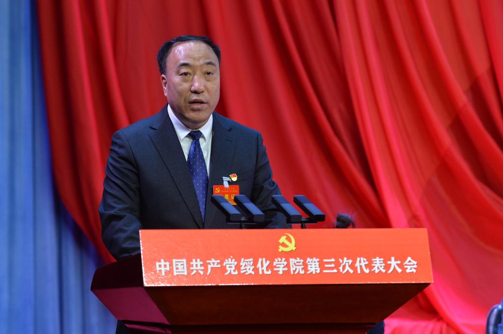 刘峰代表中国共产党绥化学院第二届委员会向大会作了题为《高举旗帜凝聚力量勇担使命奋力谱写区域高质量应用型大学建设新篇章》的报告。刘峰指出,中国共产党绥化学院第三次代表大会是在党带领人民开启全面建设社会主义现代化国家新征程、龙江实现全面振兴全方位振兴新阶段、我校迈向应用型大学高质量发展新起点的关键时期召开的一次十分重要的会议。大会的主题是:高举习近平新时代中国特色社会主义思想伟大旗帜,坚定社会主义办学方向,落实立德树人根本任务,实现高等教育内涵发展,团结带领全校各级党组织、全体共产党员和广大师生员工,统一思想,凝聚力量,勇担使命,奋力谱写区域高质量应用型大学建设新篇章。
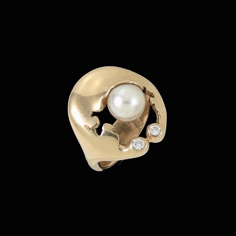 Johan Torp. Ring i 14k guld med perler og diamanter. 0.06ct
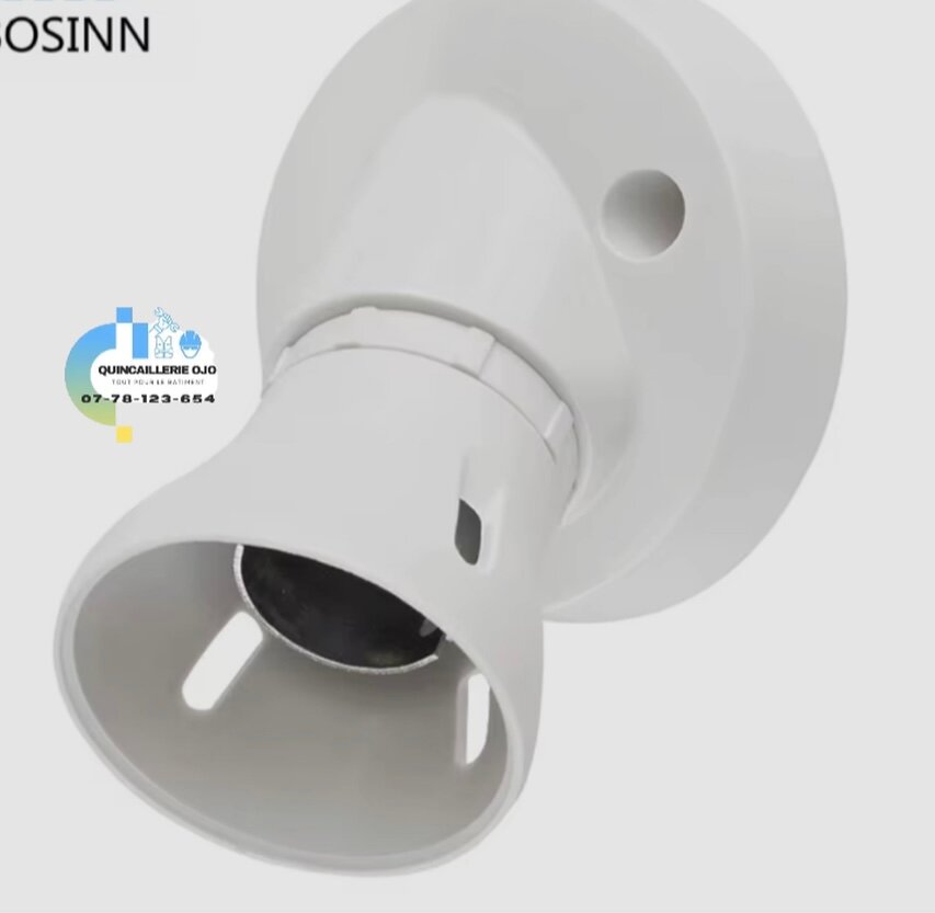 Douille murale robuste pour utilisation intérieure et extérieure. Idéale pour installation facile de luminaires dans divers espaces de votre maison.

...

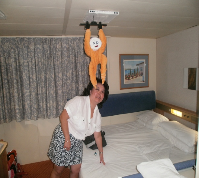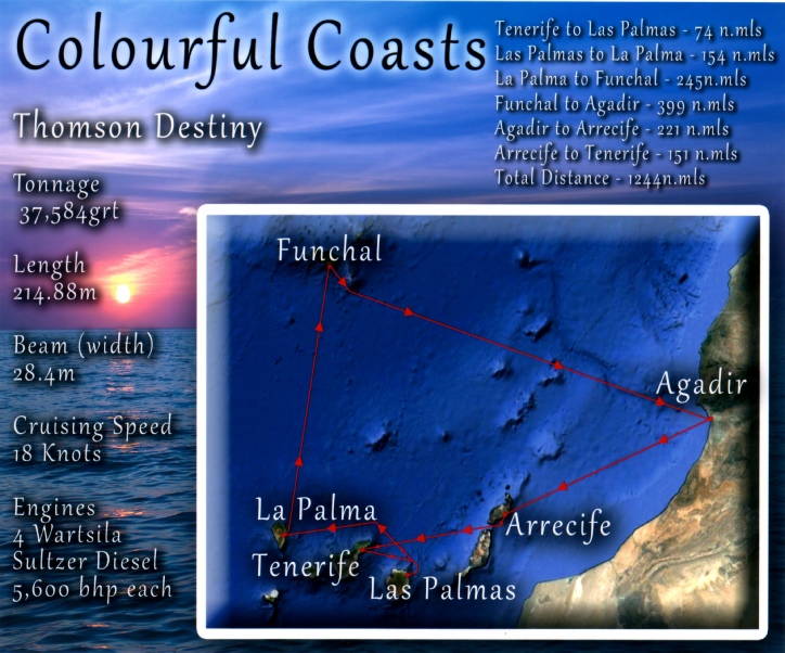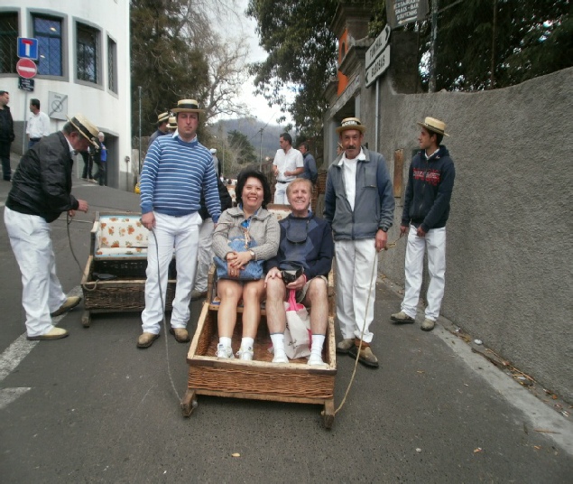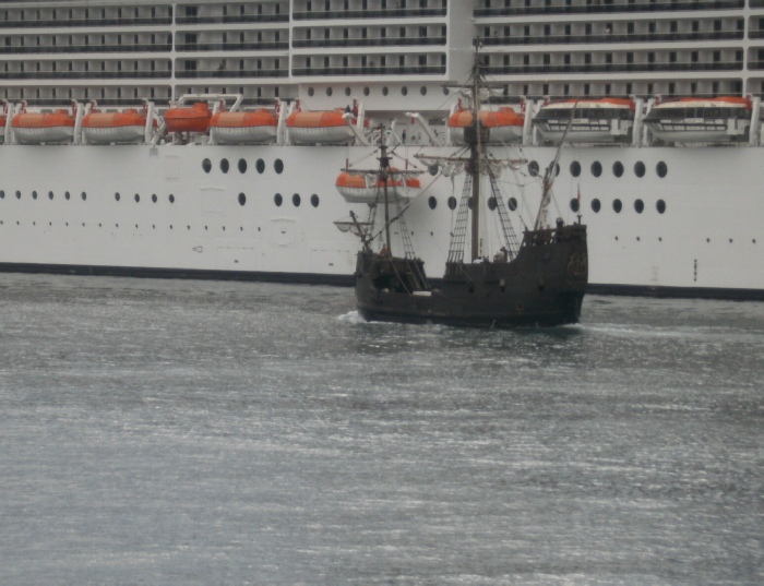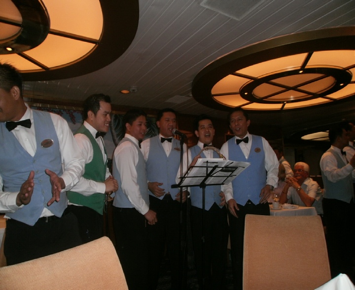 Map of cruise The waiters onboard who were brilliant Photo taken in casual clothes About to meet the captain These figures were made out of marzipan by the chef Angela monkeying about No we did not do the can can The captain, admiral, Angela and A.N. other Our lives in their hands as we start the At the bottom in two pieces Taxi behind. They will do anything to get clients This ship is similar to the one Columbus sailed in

● **EXERCISE INSTRUCTIONS**: Reproduce the entries exactly, from the line with "Johan Torp. Ring" to the line with "Douille murale robuste", both lines included, keeping no pictures.

● **WORKED SOLUTION**:
 Johan Torp. Ring i 14k guld med perler og diamanter. 0.06ct
 Douille murale robuste pour utilisation intérieure et extérieure. Idéale pour installation facile de luminaires dans divers espaces de votre maison.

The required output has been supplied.